We will go on to zip the folder and download the results to the Docker image filesystem in which the Jupyter notebook client is running. 



In [72]:
wd_handle.listdir()

{'UNICORE_SCRIPT_EXIT_CODE': PathFile: UNICORE_SCRIPT_EXIT_CODE,
 'UNICORE_SCRIPT_PID': PathFile: UNICORE_SCRIPT_PID,
 'stderr': PathFile: stderr,
 'license.txt': PathFile: license.txt,
 'job_script': PathFile: job_script,
 'dataset/': PathDir: dataset/,
 'job_script_fmriprep': PathFile: job_script_fmriprep,
 'job_script_tvb_conv': PathFile: job_script_tvb_conv,
 'stdout': PathFile: stdout,
 'job_script2': PathFile: job_script2,
 '__MACOSX/': PathDir: __MACOSX/,
 'tvb_converter_workdir/': PathDir: tvb_converter_workdir/}

In [73]:
site_client.execute("zip -r " + tvb_output+".zip " + tvb_output)
output_hdl = wd_handle.stat("tvb_converter_workdir/TVB_output.zip")
output_hdl.download("TVB_output.zip")

All that is left to do is to move the TVB_output.zip file to the persisted-data/data folder if you want this archive to be persisted or you can download it by checking the checkbox and hitting the "Download" button.

Additionally the created derivatives for TVB are stored in BIDS format inside the dataset provided at the beginning.
We will now zip and download this one too. 
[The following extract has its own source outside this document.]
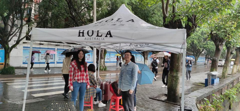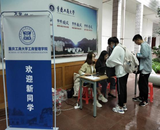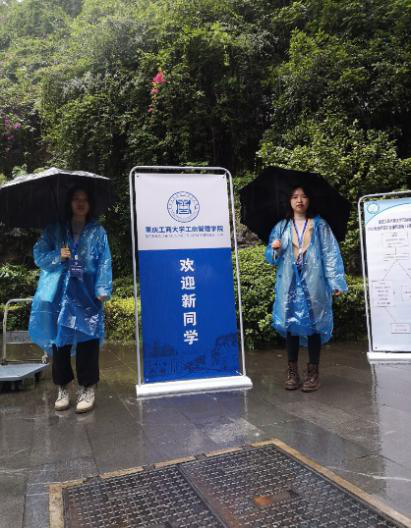 迎新工作的第一天,重庆突降暴雨,给前来报到的同学增添了不便,也给迎新工作增加了不少难度。为了给新生提供贴心便利的服务,学院立即启动应急措施,在男女生宿舍前的服务点安置了雨棚。校门口迎新点的同学引导新同学先将不便携带的行李寄存在宿舍门口的迎新点,再将他们引导到明德楼大厅报到处,进行“轻装”报道,极大地减轻了新同学的负担。
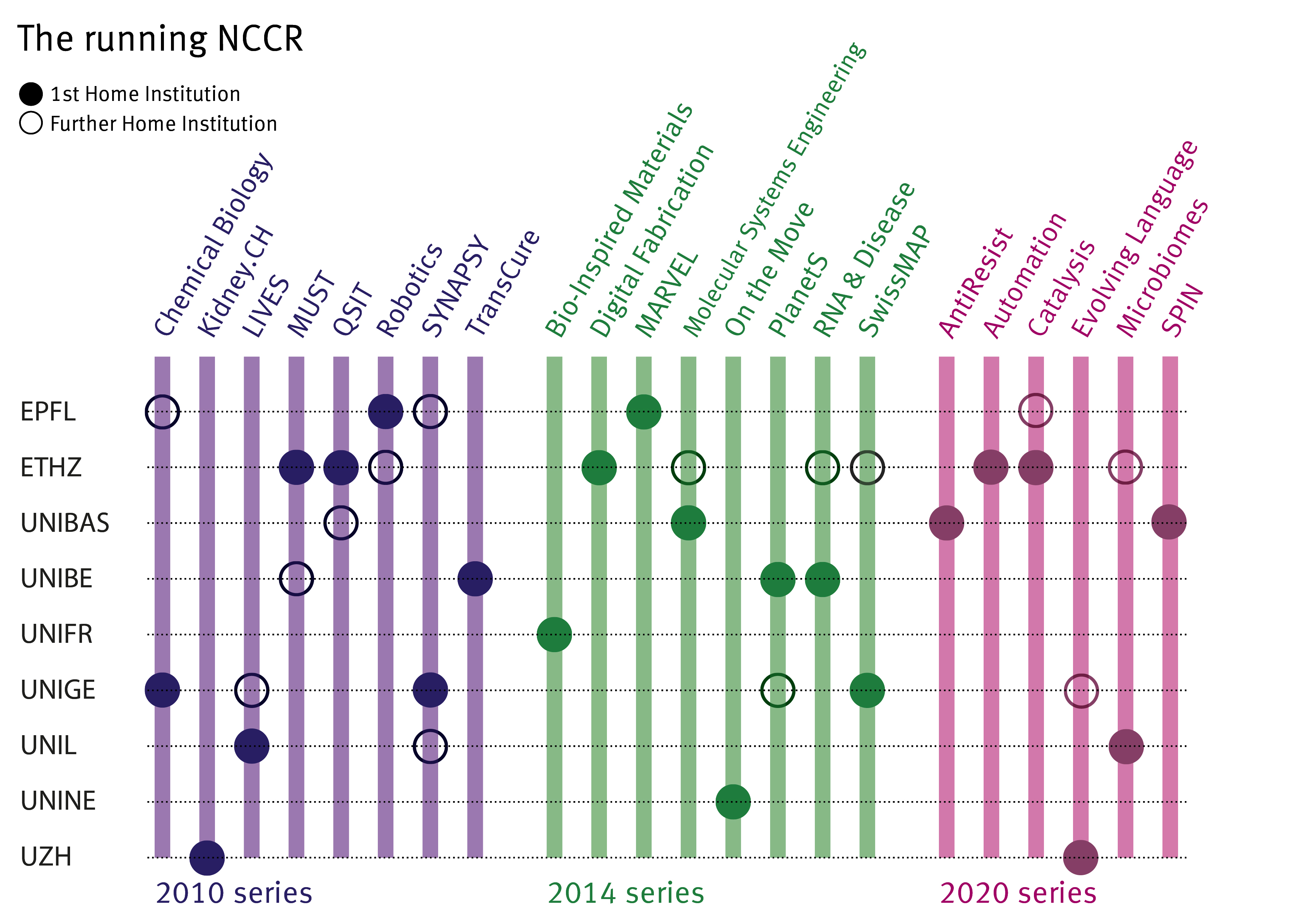 The NCCR management teams are based at a higher education institution or at another renowned research institution. Besides the research groups based at the home institution, a centre of competence also avails itself of a network of other teams across Switzerland. This enables the NCCRs to contribute to better improve research structures in Switzerland.

# 15. Download pipeline output in BIDS format

The pipeline results are also stored according to the BIDS specifications inside the /derivatives/TVB directory of the given BIDS folder. 
The data are stored following the specifications of the Common derivatives and Computational models BIDS extension proposal. <br><br>

Common derivatives <br>
https://docs.google.com/document/d/1Wwc4A6Mow4ZPPszDIWfCUCRNstn7d_zzaWPcfcHmgI4/edit <br>
<br>
Computational models <br>
https://docs.google.com/document/d/1oaBWmkrUqH28oQb1PTO-rG_kuwNX9KqAoE9i5iDh1xw/edit#heading=h.mqkmyp254xh6 <br>
<br>

What remains is to zip, download the BIDS folder from the HPC and to add a additional dataset_description.json to the /derivatives directory to comply with BIDS


In [75]:
# zip the BIDS folder on the HPC
site_client.execute("cd " + base_folder + " && zip -r " + dataset + " " 
                    + dataset.strip(".zip"))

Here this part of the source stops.